Look What I Made: Candied Pecans Recipe

Candied Pecans (photos by Travis Awalt)

There’s a reason why the pecan tree is the official state tree. (Mob connections, maybe?) They’re also located, conveniently enough, all over*- including a gigantic pair right behind my apartment.

Gettin' toasty...

As it happens, I like pecans. Last fall, I thought, “My god, I am so smart. Pecan trees yield pecans. I’ll forage for pecans by picking them up off of my patio!  Goodbye outrageous pecan costs, hello savings!”

Alone, they're just a bunch of stupid ingredients, but together...

Late in October when the husks started splitting open and pecans started dropping to the ground, I gathered a ton of them. “A bumper crop,” I thought, “and it shall last me nigh into the summer.” I was living off the land.** (At least as far as pecans were concerned.) Boosh.


Everybody just cool out.

The problem was – compared to normal pecans – these were small, malnourished-looking pecans.*** They were grubby little street urchin pecans. If you succeeded in cracking one open without smashing half or all of it to bits, they tasted fine, but a sorry, sad nut overall.


Lesson learned: Foraging is dumb. I bought the pecans for this recipe at the grocery store like a smart person. Easy recipe, versatile result. Blah, blah, blah… enjoy.

Candied Pecans


2 cups pecan halves
scant 1/2 cup brown sugar
1/4 cup water
pat of butter
tsp cinnamon
1/2 tsp chili powder
1/2 tsp cayenne powder
coarse salt


1. Toast the pecan pieces over medium low heat until dark and fragrant, 4-5 minutes. Stir them around every 30 seconds or so. Nuts are delicate and they scorch easily, so you want to keep them moving. Let them cool to room temperature and place in a bowl.

2. Over medium high heat, stir together brown sugar, water, cinnamon, chili powder, cayenne and butter. Stir constantly for 4-5 minutes, until the wake left by stirring leaves wispy threads (just keep stirring, it’s exactly what it sounds like).

3. Pour mixture over toasted pecans. Gently stir until pecans are well coated. Pour out onto a cookie sheet lined with parchment or wax paper (finally, a use for wax paper!) to cool, separating any pieces that are stuck together. Sprinkle with coarse salt.

4. Your journey may end at step three. Mine did not. After cooling down for over an hour, my pecans were still quite sticky. Five minutes in a 300 degree oven and another few minutes of cooling down fixed that.

Spinach salad with candied pecans

* Or at least they are in the older parts of DFW- a lot of the ‘burbs are a flora-free-for-all.

** And maybe more importantly, I was sticking it to slacker, freeloader squirrels.
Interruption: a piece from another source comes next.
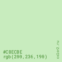 Цвет #C8ECBE в цветовой модели RGB обозначается тремя октетами (200, 236, 190) в десятичном формате и #C8ECBE в шестнадцатиричном (hex) формате, которые являются интенсивностью красного 200 (hex C8), интенсивность зелёного 236 (hex EC) и интенсивность синего 190 (hex BE).
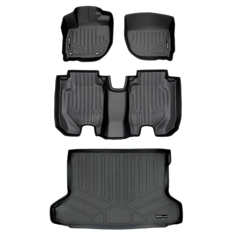 2 Row Floor Liners and Cargo Liner behind the 2nd Row Seats SMARTLINER floor liners are manufactured with a low-density polyethylene blend, so they leave no floor in your vehicle unprotected. With the help of the Smart Coverage raised lip and molded outer edge, these floor liners lock in all the dirt and liquid spills you can throw at it. Specifically, the raised lip prevents anything from reaching the carpet of your vehicle, protecting it from messy accidents. This designed shape is reinforced while still keeping the floor mat flexible. These floor liners also come in a multi-purpose, standard shape so they give the interior of your car the best fitting look possible. The SMARTLINER seeks to provide not just superior protection for your vehicle, but also enhances the overall appearance of your cars interior with its textured surfaces & modern design. Far more affordable compared with other brands. All weather protection against Snow, Mud, Sand, Salt Water and More! Spill Saver Lip (Prevents spills from reaching the carpet. ) Easy to Clean and Maintain (Detachable from Vehicle). All Smartliner USA products are meticulously engineered to fit each car exactly right.

*** Which is so strange to me, because I know if there’s one thing I think of when I think of East Dallas, it’s the nutrient rich soil.


  • ELH

    Remember how it didn’t rain at all last summer and how it was an unholy degree of hot? Guess what, that keeps plants from growing particularly well leading to things like sad pecans. They are probably better this year and not as stale as the ones you bought at the store.

  • Christine Rogers

    I loved this story and photos/captions and can’t wait to try this recipe. We have a ton of pecan trees near us and have successfully foraged in years past. Last fall was different, we also suspect due to the drought. We have higher hopes this year, especially because now the kids are old enough to be our family foragers! Thanks for this post.

  • travis awalt

    @ELH I demand to know how much the foraged pecans are paying you to make excuses on their behalf!! Sadly, this year’s crop isn’t looking much better.

  • Noonie McWhorter

    But don’t pecan trees only fruit every other year?